E3 2011: Ubisoft Enters Free-to-Play Market with Tom Clancy’s Ghost Recon Online


    Ubisoft’s relationship with bestselling author Tom Clancy has been very lucrative for the French game publisher. The French game publisher has sold over 63 million Tom Clancy video games since Tom Clancy’s Politika launched in 1997. Video games like Tom Clancy’s Ghost Recon, Tom Clancy’s Splinter Cell, Tom Clancy’s Rainbow Six, Tom Clancy’s EndWar, and Tom Clancy’s Hawx have connected the Clancy brand with a diverse male gaming demographic and helped catapult Ubisoft to a top-tier publisher. Now the publisher is targeting an even broader audience with Tom Clancy’s Ghost Recon Online, the first free-to-play online PC game,which is playable at E3 this week.



    Ghost Recon Online introduces first-person shooting action set within a near-future world. Players will traverse global hot spots like Moscow and engage in eight-player versus eight-player shooting action. The new game will feature the elite U.S. military warriors known as the Ghosts, because they can get in behind enemy lines, take out key targets, and then disappear.
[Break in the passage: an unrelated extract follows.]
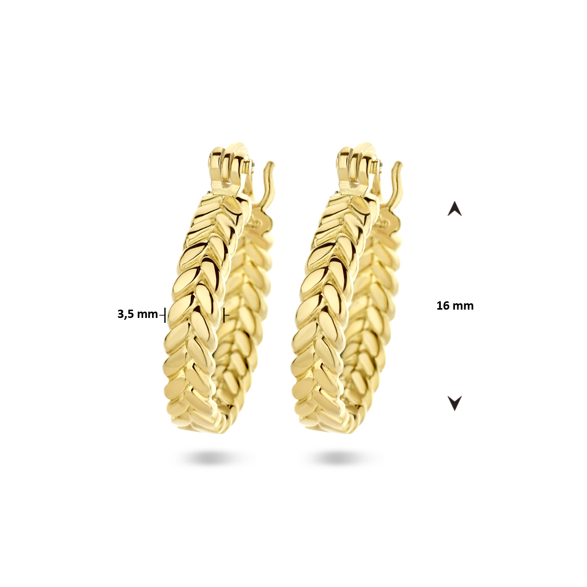 Geelgoud op 925 zilveren oorringen met een diameter van 16mm. Geen garantie op plating.

    “The shooter genre is a very crowded space and we believe this game offers something unique to fans of the genre,” said Theo Sanders, the creative director of Ghost Recon Online. “There’s no barrier to entry, which means it’s easy for gamers to get into the game with their friends and have a social experience.”

    Sanders said the game has been built to capitalize on the micro-transaction business model that has been so successful in Asia. Players will be able to play the game for free at their own pace, upgrading their characters and weapons. But for those who want to level up quicker, they can purchase in-game weapons and upgrades.
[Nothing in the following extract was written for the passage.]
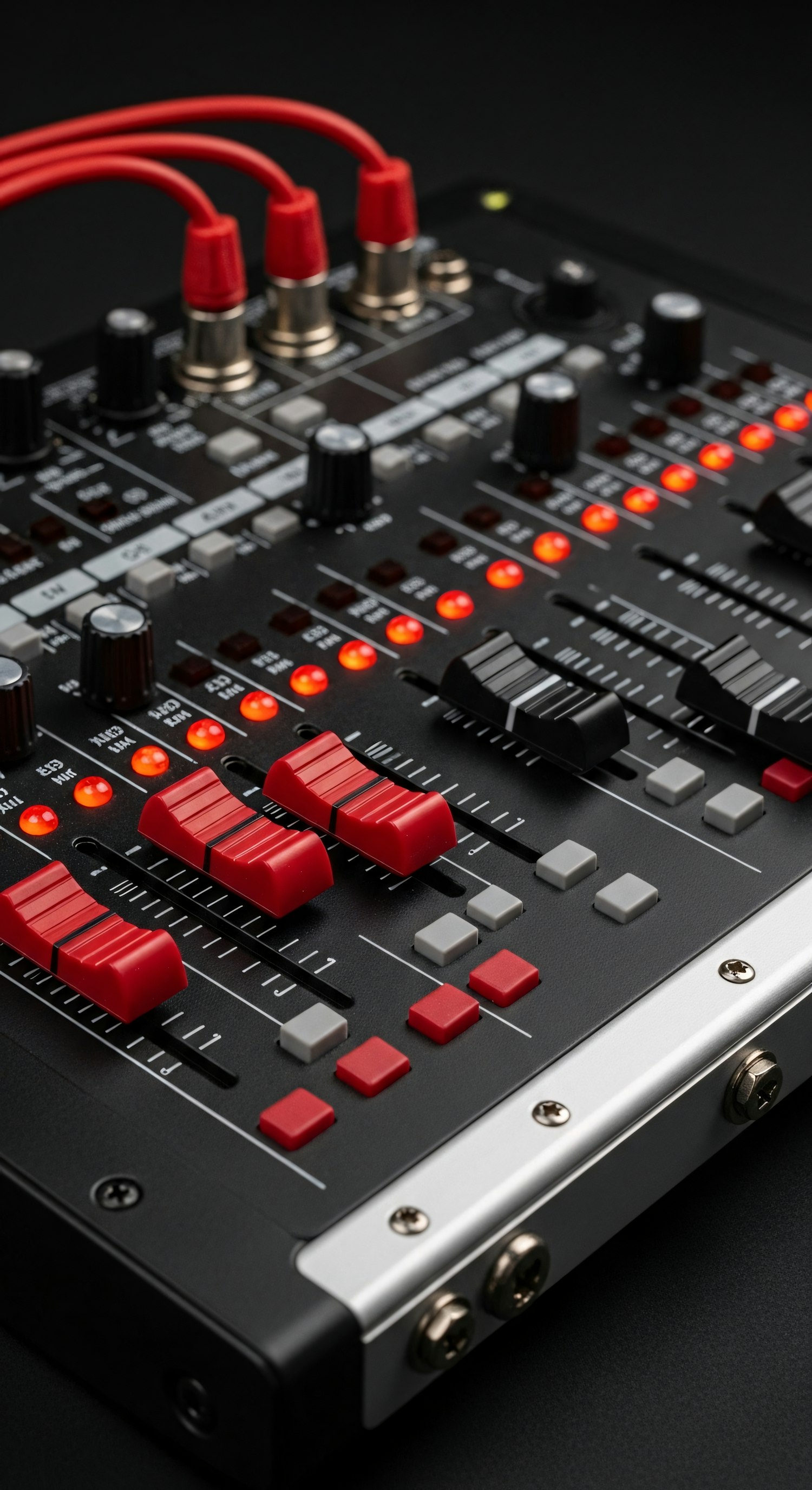 Close-up of a professional audio mixing console with red and black sliders, knobs, and glowing LED indicators, perfect for sound mixing.

    The game, which is the first project completely developed at Ubisoft’s Singapore studio, will launch later this year with four or five maps to play on. Additional maps will be released on a regular basis.
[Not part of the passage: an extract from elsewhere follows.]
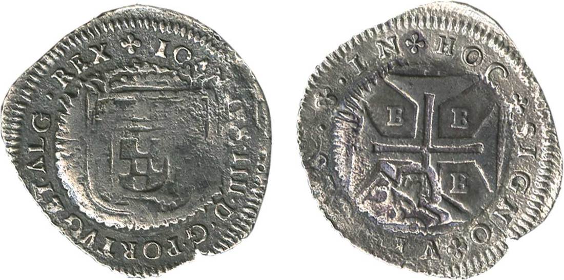 Brazil. Pedro II (1683-1706). 250 Reis (1688). 10.04 gms. Act of June 14, 1688 circular overstrike of both the obverse and reverse legends of a Type IV (1663) crowned 250 Reis c/m of Afonso VI on an undated Evora mint 200 Reis of João IV. Cf. KM 51 for host type and KM 435.2 (Portugal) for c/m. Very rare c/m and host combination. Host and c/m About Very Fine, overstrike Good Very Fine.

    Ubisoft will continue to support the retail Ghost Recon franchise with new games like Tom Clancy’s Ghost Recon: Future Soldier, which ships for PC, Xbox 360 and PlayStation 3 on October 1.

    “This is really a community-driven game,” said Sanders. “Over the next couple of years, the game community will become the designer of the game or the owner of the IP, which is really a unique difference from a retail title. And the design team becomes more of a curator of the game than anything else.”

    This game will also help Ubisoft attract a larger audience for Ghost Recon. Ubisoft Motion Pictures, a new division of the game company focusing on film and television projects, is developing a Ghost Recon feature film. The company is also developing a Splinter Cell movie, as well as an Assassin’s Creed film. All three of these movies will be filmed in 3D. Ubisoft will partner with Hollywood studios and talent to make the films, but hopes to keep creative control of the projects.

    Back in 2000, Ubisoft purchased Tom Clancy’s video game studio, Red Storm Entertainment. In March 2008, Ubisoft bought the Tom Clancy name outright, which eliminates the royalty for each game that the company previously paid the best-selling author. It also gave the publisher all intellectual property rights to the Tom Clancy name, on a perpetual basis and free of all related future royalty payments, for use in videogames and ancillary products including related books, movies and merchandising products.